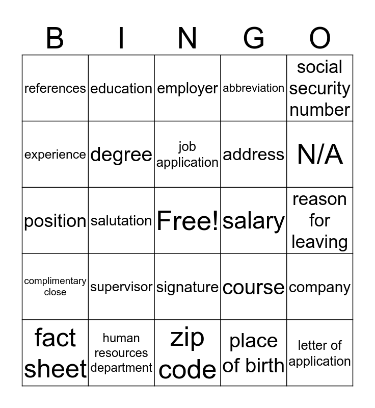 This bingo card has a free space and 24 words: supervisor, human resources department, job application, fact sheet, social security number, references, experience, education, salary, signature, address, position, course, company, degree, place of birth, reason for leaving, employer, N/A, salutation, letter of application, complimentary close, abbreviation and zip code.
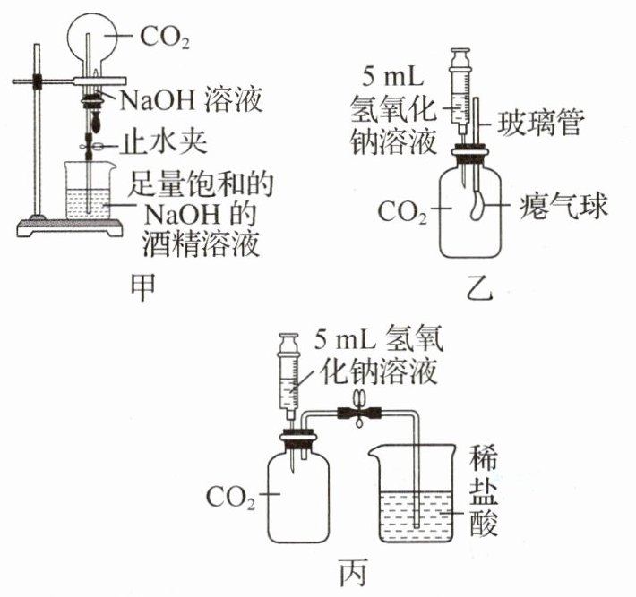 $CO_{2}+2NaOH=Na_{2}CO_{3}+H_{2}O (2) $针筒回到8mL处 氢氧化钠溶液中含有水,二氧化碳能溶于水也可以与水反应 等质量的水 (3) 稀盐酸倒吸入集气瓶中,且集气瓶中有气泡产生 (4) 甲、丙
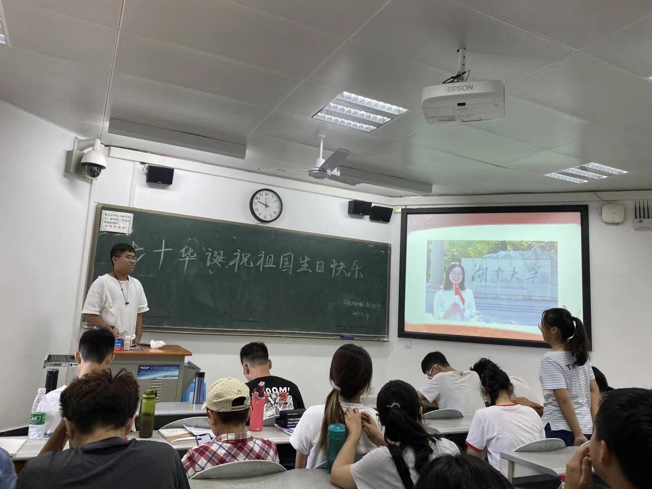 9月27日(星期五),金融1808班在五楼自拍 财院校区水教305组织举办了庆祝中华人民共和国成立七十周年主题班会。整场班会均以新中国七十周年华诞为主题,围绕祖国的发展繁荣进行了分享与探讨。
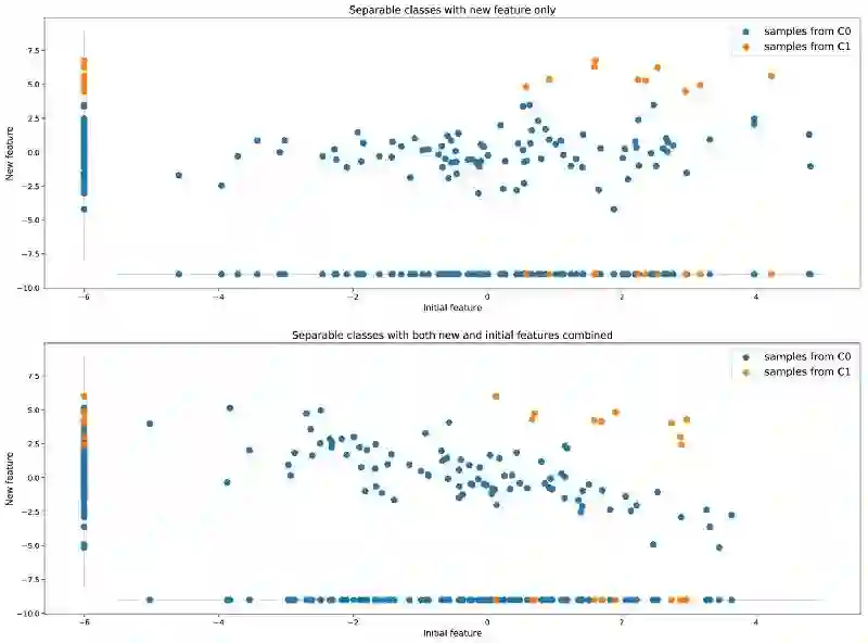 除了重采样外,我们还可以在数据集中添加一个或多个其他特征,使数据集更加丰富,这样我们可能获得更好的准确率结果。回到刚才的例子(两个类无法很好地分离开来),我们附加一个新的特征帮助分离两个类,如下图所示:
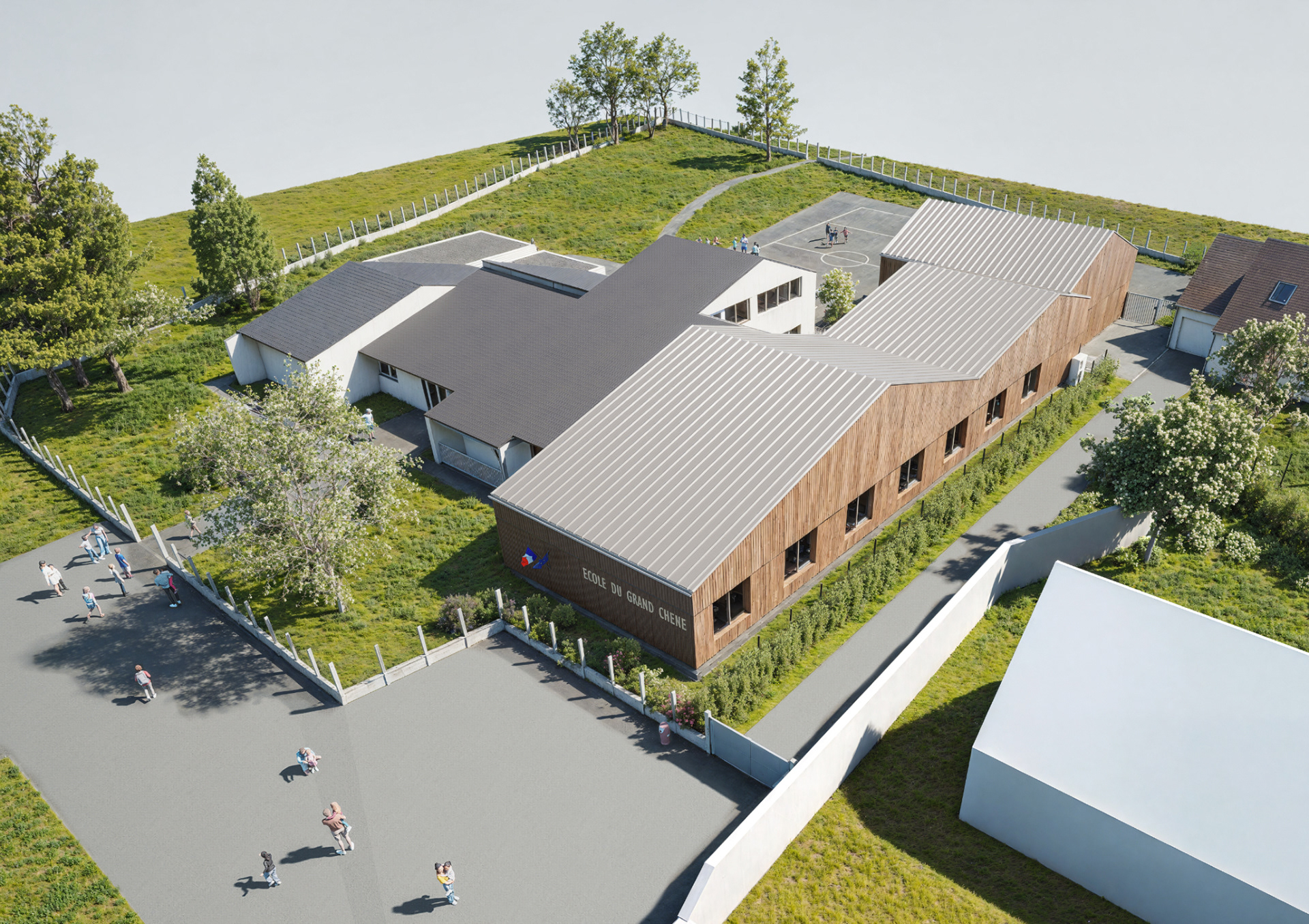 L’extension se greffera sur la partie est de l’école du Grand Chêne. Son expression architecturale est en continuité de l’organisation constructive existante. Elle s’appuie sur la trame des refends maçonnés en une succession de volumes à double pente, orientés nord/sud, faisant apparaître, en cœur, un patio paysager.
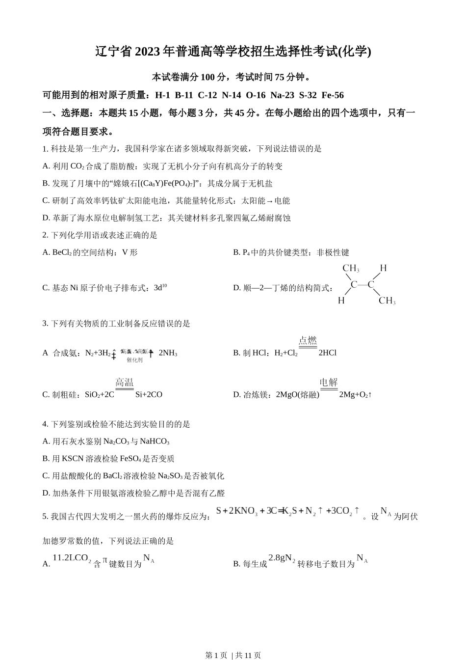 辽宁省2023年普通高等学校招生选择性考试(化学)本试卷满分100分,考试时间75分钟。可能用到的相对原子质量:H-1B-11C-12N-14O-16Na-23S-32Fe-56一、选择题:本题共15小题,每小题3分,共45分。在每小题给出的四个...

TASK ITEM => Transcribe the listing exactly, skipping pictures.

ANSWER BOX =>
 This bingo card has a free space and 24 words: supervisor, human resources department, job application, fact sheet, social security number, references, experience, education, salary, signature, address, position, course, company, degree, place of birth, reason for leaving, employer, N/A, salutation, letter of application, complimentary close, abbreviation and zip code.
 $CO_{2}+2NaOH=Na_{2}CO_{3}+H_{2}O (2) $针筒回到8mL处 氢氧化钠溶液中含有水,二氧化碳能溶于水也可以与水反应 等质量的水 (3) 稀盐酸倒吸入集气瓶中,且集气瓶中有气泡产生 (4) 甲、丙
 9月27日(星期五),金融1808班在五楼自拍 财院校区水教305组织举办了庆祝中华人民共和国成立七十周年主题班会。整场班会均以新中国七十周年华诞为主题,围绕祖国的发展繁荣进行了分享与探讨。
 除了重采样外,我们还可以在数据集中添加一个或多个其他特征,使数据集更加丰富,这样我们可能获得更好的准确率结果。回到刚才的例子(两个类无法很好地分离开来),我们附加一个新的特征帮助分离两个类,如下图所示:
 L’extension se greffera sur la partie est de l’école du Grand Chêne. Son expression architecturale est en continuité de l’organisation constructive existante. Elle s’appuie sur la trame des refends maçonnés en une succession de volumes à double pente, orientés nord/sud, faisant apparaître, en cœur, un patio paysager.
 辽宁省2023年普通高等学校招生选择性考试(化学)本试卷满分100分,考试时间75分钟。可能用到的相对原子质量:H-1B-11C-12N-14O-16Na-23S-32Fe-56一、选择题:本题共15小题,每小题3分,共45分。在每小题给出的四个...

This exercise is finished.